Не дожидаясь ответа, он с трудом, слегка даже покряхтев, поднялся из-за стола. Шаркая, пошёл к буфету, открыл скрипучую дверцу. Достал двухлитровую стеклянную банку с вареньем, две розетки. Пошаркал обратно к столу.

— Вкусное, кизиловое, — похвастался он. — К Октябрьской годовщине из Гори прислали. Попробуй. Очень полезно.

Да, подумал я. Дорого дали бы все газеты мира за фото русского диктатора за вечерним чаепитием.

Шлёпанцы, пузырящиеся на коленях синие треники. Футболка с изображением разрывающего цепи мускулистого пролетария и надписью «Сим победиши». А поверх футболки накинут знаменитый френч. Когда Коба стал открывать банку, френч поехал набок; Коба раздражённо дёрнул плечом, накидывая френч обратно, и едва не выронил крышку. Потом искоса поглядел на меня.

— Мешает, — застенчиво пояснил он. — А без него мёрзну.

— А котельную пошибче раскочегарить?

Он посмотрел на меня, как на идиота.

— Вся страна экономит, — сказал он. — А я тут жировать буду? Не буду, и другим не советую.

— Некоторые жируют, — не удержался я.

Дрожащей ложечкой он заботливо положил мне варенья и двинул наполненную розетку ко мне. Пахнуло вкусным, терпким и живым. Только тогда он обронил:

— Всё в своё время.

За окном, отодвигая ночь куда-то на край Москвы, мерцала алыми кирпичами одна из башен кремлёвской стены. На шпиле, властно прорывая темноту, растопырясь едва не на пол-окна, горела тревожным и торжествующим светом рубиновая звезда. Она казалась массивной и веской, и стояла, будто вкопанная в чёрное небо; но, подумал я, даже настоящие звёзды, и впрямь, казалось бы, столетиями неподвижные, мчатся в пустоте с невообразимой скоростью, от чего-то удаляясь, к чему-то приближаясь…

— Ненавижу революции, — сказал Коба.

Я чуть со стула не свалился. Дожили, подумал я.

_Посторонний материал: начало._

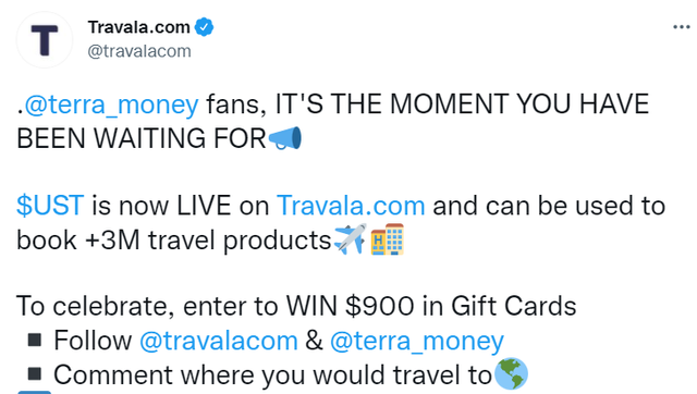 트라발라 공식 트위터가 UST 사용이 시작됐다는 것을 알리며 이벤트도 하나 열었습니다.
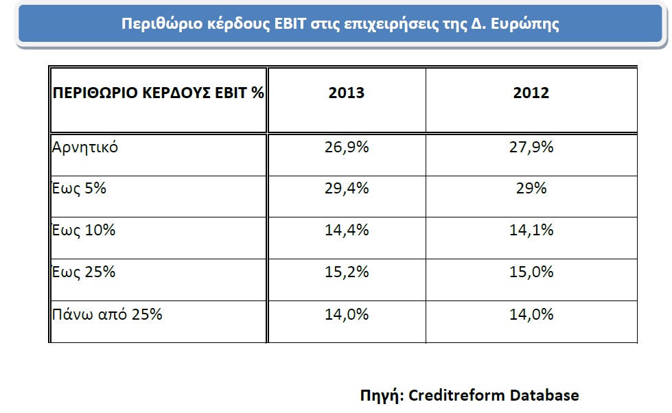 Εξετάζοντας τους πιο πρόσφατους δημοσιευμένους ισολογισμούς του 2013 σε δείγμα 3,3 εκατ. επιχειρήσεων της Δυτικής Ευρώπης διαπιστώνεται ότι η συμμετοχή των εταιρειών που εμφανίζουν χαμηλό περιθώριο ΕΒΙΤ (έως 5%) αυξήθηκε από 29% το 2012 σε 29,4% το 2013, ενώ η συμμετοχή εκείνων με αρνητικό περιθώριο μειώθηκε από 27,9% σε 26,9% το 2013. Περίπου μία στις επτά εταιρείες (15,2%) εμφανίζουν περιθώριο κέρδους ΕΒΙΤ έως 25% το 2013, ενώ οι επιχειρήσεις που δηλώνουν περιθώριο κέρδους ΕΒΙΤ πάνω από 25% (14%) παραμένουν σταθερές συγκριτικά με το προηγούμενο έτος.

Почему-то вспомнилось, как нас в ночи вообще без единой звезды выгружали из вагонзаков на Туруханской пересылке. Перед пешим этапом надо было построиться, что-то не клеилось, нас пересчитывали по головам и раз, и два, и никак не сходились численность бумажная и численность живая; нас держали на режущем ветру полчаса, час… Напротив мёрз и молча терпел, помаленьку зверея, взвод охраны, но они хоть были в шинелях, а мы — в трепещущих арестантских робах. И тогда мы обнялись. Сколько осталось сил, обхватили деревенеющими руками хлипкие плечи друг друга — Коба, Мироныч, Серго, Слава, Зиновьев с Каменевым, уже тогда, при всём внешнем несходстве, чем-то похожие на Траляля и Труляля из «Алисы», Бухарчик, Ягода, я, Федька Ильин-Раскольников, самый знаменитый невозвращенец прошлого, тридцать восьмого, года, и все прочие, несть им числа, Трилиссеры и Шпигельгласы. И, давясь плотным, как ледовитая вода, туруханским ветром, перхая, задыхаясь, затянули «Возьмёмся за руки, друзья, чтоб не пропасть поодиночке…»

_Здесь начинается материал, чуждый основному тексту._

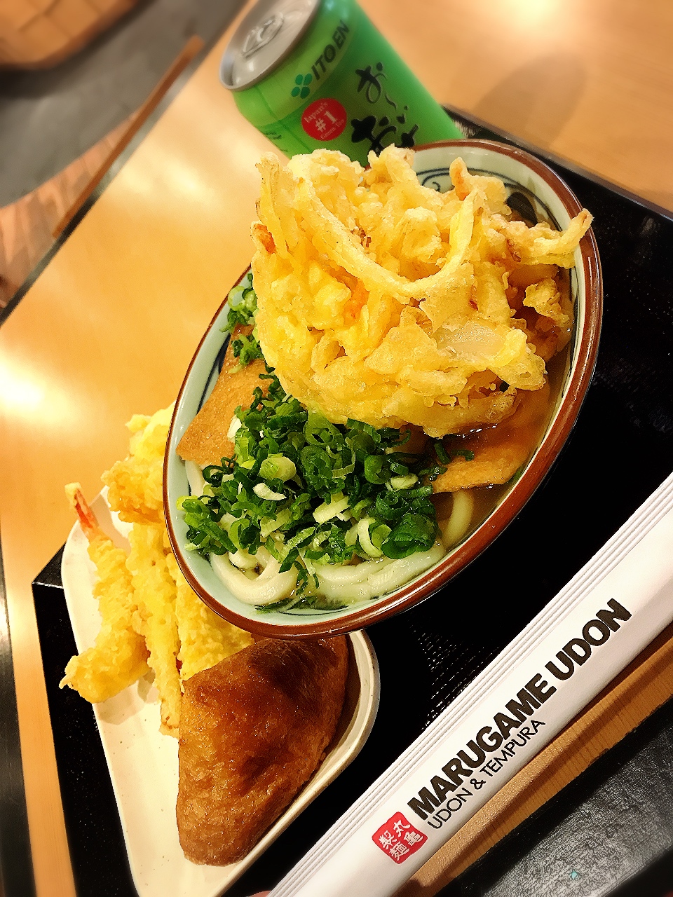 丸亀製麺 天ぷら4個といなりも乗せて 2000円チップ無し
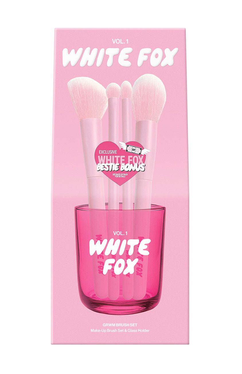 Your go-to for flawless make up-application. The GRWM brush set includes a powder brush, blusher brush, eyeshadow blender and packing eyeshadow brush. Complete with a cute White Fox glass brush holder, elevate your bathroom aesthetic and make up routine with this must-have set.
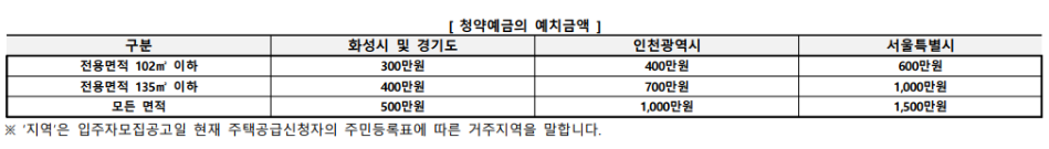 - 입주자 저축통장 가입기간 12개월 이상이며, 지역별 면적별 청약예치금 충족하는자

Оскальзываясь сапогами по натоптанному снегу и путаясь в полах длинной шинели, одной рукой придерживая мотающуюся саблю, а другой — тряся жалким револьвером, вдоль строя бегал ротмистр и, срываясь на петуха, орал: «Прекратить!» Те из нас, кто шёл не по первой ходке, рассказывали, что он служит тут, сколько они себя помнят, оттого и заслужил, верно, странное прозвище: Вечный Руслан. У мёрзнувшего караульного взвода чесались винтовки, и парни только ждали приказа; хоть какое-то развлечение и хоть какой-то в их стоянии смысл… Но приказа Руслан так и не дал. Потом я понял: он ведь законность соблюдал, а не светлое будущее строил. Приди ему хоть на миг в голову, что мы — не преступные люди, а всего лишь помехи на пути прогресса, нас бы мигом положили там вместе со всеми нашими песенками.

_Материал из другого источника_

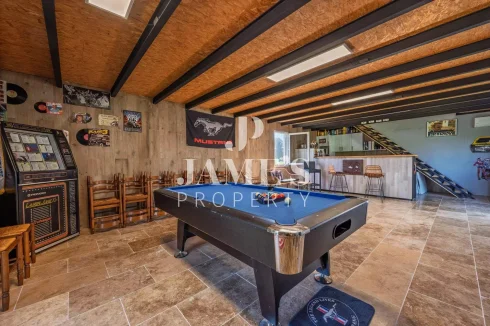 The ground floor features spacious reception areas: a double living room with bar and billiard area, a cozy lounge with fireplace, and a dining room opening onto a fully equipped kitchen with adjoining utility room.

Но тогда мы чувствовали себя несгибаемыми великанами, наперекор всей косной силе старого мира обнявшимися навсегда. И мечтали, мечтали, мечтали. Верили, верили, верили. Ведь было ясно, было очевидно любому мало-мальски образованному человеку, что стоит лишь пасть нелепому, отжившему, насквозь прогнившему, точно плесневелый гриб, режиму, всей этой жадной до власти своре трясущихся и мямлящих стариков в лентах и орденах, как жизнь сразу наладится: все обратные связи и социальные лифты заработают, материальные блага хлынут, как из рога изобилия, потому что раскрепостятся производительные силы, и люди, унылые подневольные рабы самодержавия, при новом строе буквально бросятся работать. И рухнет вековечная стенка между нами и Европой, мы сразу станем там своими, долгожданными. Ведь это они придумали социализм, а мы его сделаем… Ледяной наждак ветра продирал до кишок, губы трескались в кровь, на вдохах смерзались связки в глотках, но мы, ни в единую ноту не попадая, упрямо тянули: «Не дам и самой ломаной гитары…»

— С каких это пор ты их возненавидел? — негромко спросил я.

Он некоторое время помешивал ложечкой чай.

— Так, знаешь, мало-помалу. Моя бы воля — не допустил бы ни единой. Время фанатиков и жуликов, подхалимов и авантюристов… — Кончиком ложечки он взял варенье, положил в рот, покатал там, разминая языком, и проглотил. На миг его рябое лицо стало блаженным, почти детским. — А если уж предыдущий режим довёл народ до исступления и революция рванула, надо поскорей её свернуть, заткнуть, превратить в праздники и годовщины, оставить от неё только имена героев и память славных побед… И снова строить нормальную жизнь для нормальных людей. Для честных работяг, а не речистых пройдох. Для умельцев, а не для убийц.

— Коба, дорогой, но ведь революции иногда и происходят из-за того, что окостеневшие режимы становятся раздольем именно для жуликов и болтунов, а честным работягам ходу нет.

Он шумно отхлебнул чаю.

— Вечно ты какую-нибудь гадость скажешь…

— Я просто размышляю. Кто-то из великих сформулировал: зло — это добро, перешедшее рамки применимости.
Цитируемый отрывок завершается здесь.